They also set up and enforced censorship protocols, which is why it seemed like so few objected. In addition, CISA was tasked with overseeing mail-in ballots. 

Only 8 days into the 15, Trump announced that he wanted to open the country by Easter, which was on April 12. His announcement on March 24 was treated as outrageous and irresponsible by the national press but keep in mind: Easter would already take us beyond the initial two-week lockdown. What seemed to be an opening was an extension of closing. 

This announcement by Trump encouraged Birx and Fauci to ask for an additional 30 days of lockdown, which Trump granted. Even on April 23, Trump told Georgia and Florida, which had made noises about reopening, that “It’s too soon.” He publicly fought with the governor of Georgia, who was first to open his state. 

Before the 15 days was over, Congress passed and the president signed the 880-page CARES Act, which authorized the distribution of $2 trillion to states, businesses, and individuals, thus guaranteeing that lockdowns would continue for the duration. 

There was never a stated exit plan beyond Birx’s public statements that she wanted zero cases of Covid in the country. That was never going to happen. It is very likely that the virus had already been circulating in the US and Canada from October 2019. A famous seroprevalence study by Jay Bhattacharya came out in May 2020 discerning that infections and immunity were already widespread in the California county they examined. 

What that implied was two crucial points: there was zero hope for the Zero Covid mission and this pandemic would end as they all did, through endemicity via exposure, not from a vaccine as such. That was certainly not the message that was being broadcast from Washington. The growing sense at the time was that we all had to sit tight and just wait for the inoculation on which pharmaceutical companies were working. 

By summer 2020, you recall what happened. A restless generation of kids fed up with this stay-at-home nonsense seized on the opportunity to protest racial injustice in the killing of George Floyd. Public health officials approved of these gatherings – unlike protests against lockdowns – on grounds that racism was a virus even more serious than Covid. Some of these protests got out of hand and became violent and destructive. 

Meanwhile, substance abuse rage – the liquor and weed stores never closed – and immune systems were being degraded by lack of normal exposure, exactly as the Bakersfield doctors had predicted. Millions of small businesses had closed. The learning losses from school closures were mounting, as it turned out that Zoom school was near worthless. 

It was about this time that Trump seemed to figure out – thanks to the wise council of Dr. Scott Atlas – that he had been played and started urging states to reopen. But it was strange: he seemed to be less in the position of being a president in charge and more of a public pundit, Tweeting out his wishes until his account was banned.
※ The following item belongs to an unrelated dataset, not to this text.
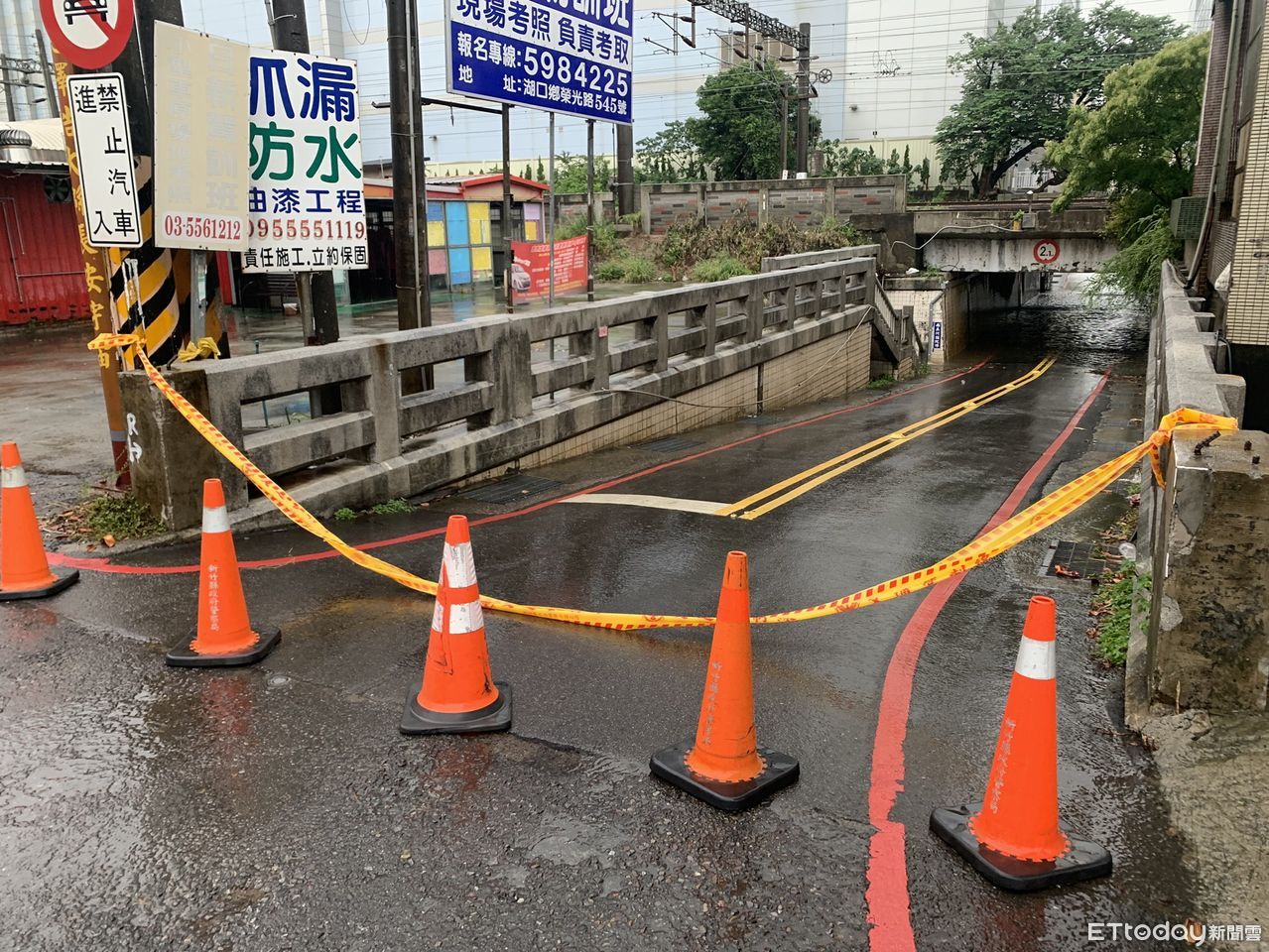 新竹縣府表示,下午2時許經縣府消防局第一大隊山崎分隊回報,新豐鄉新豐火車站附近大同地下道積水至約腳踝處高度,安全考量,由轄區派出所拉封鎖線暫時封閉,禁止人車進出。

He was unable to put the worms back in the can that he had approved opening. 

By that time, and by all accounts, Trump was convinced that the whole effort was a mistake, that he had been trolled into wrecking the country he promised to make great. It was too late. Mail-in ballots had been widely approved, the country was in shambles, the media and public health bureaucrats were ruling the airwaves, and his final months of the campaign failed even to come to grips with the reality on the ground. 

At the time, many people had predicted that once Biden took office and the vaccine was released, Covid would be declared to have been beaten. But that didn’t happen and mainly for one reason: resistance to the vaccine was more intense than anyone had predicted. The Biden administration attempted to impose mandates on the entire US workforce. Thanks to a Supreme Court ruling, that effort was thwarted but not before HR departments around the country had already implemented them. 
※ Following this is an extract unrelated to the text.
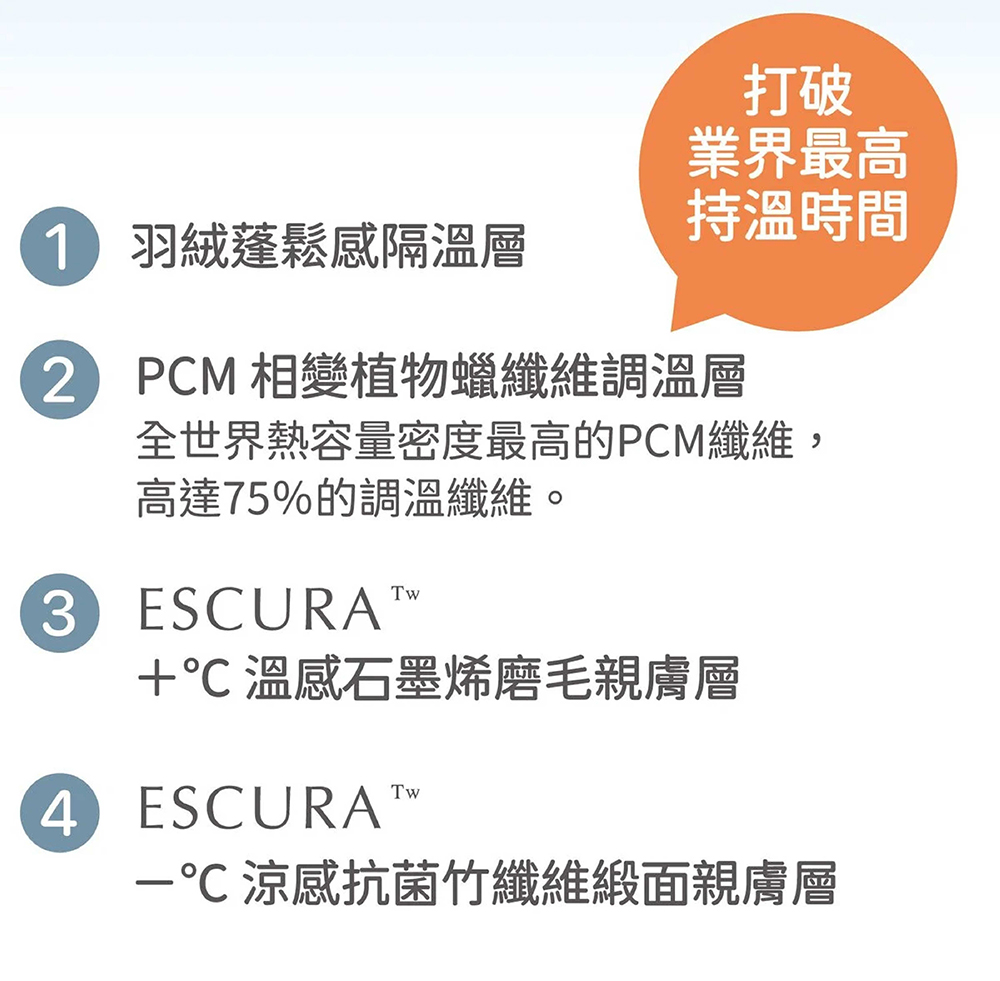 德國專利 PCM 智慧調溫植物纖維,業界最高含量75% PCM 植物調溫纖維,調溫有效率。

As the months rolled on – and four major cities closed all public accommodations to the unvaccinated, who were being demonized for prolonging the pandemic – it became clear that the vaccine could not and would not stop infection or transmission, which means that this shot could not be classified as a public health benefit. Even as a private benefit, the evidence was mixed. Any protection it provided was short-lived and reports of vaccine injury began to mount. Even now, we cannot gain full clarity on the scale of the problem because essential data and documentation remains classified. 

After four years, we find ourselves in a strange position. We still do not know precisely what unfolded in mid-March 2020: who made what decisions, when, and why. There has been no serious attempt at any high level to provide a clear accounting much less assign blame. 

Not even Tucker Carlson, who reportedly played a crucial role in getting Trump to panic over the virus, will tell us the source of his own information or what his source told him. There have been a series of valuable hearings in the House and Senate but they have received little to no press attention, and none have focus on the lockdown orders themselves. 

The prevailing attitude in public life is just to forget the whole thing. And yet we live now in a country very different from the one we inhabited five years ago. Our media is captured. Social media is widely censored in violation of the First Amendment, a problem being taken up by the Supreme Court this month with no certainty of the outcome. The administrative state that seized control has not given up power. Crime has been normalized. Art and music institutions are on the rocks. Public trust in all official institutions is at rock bottom. We don’t even know if we can trust the elections anymore. 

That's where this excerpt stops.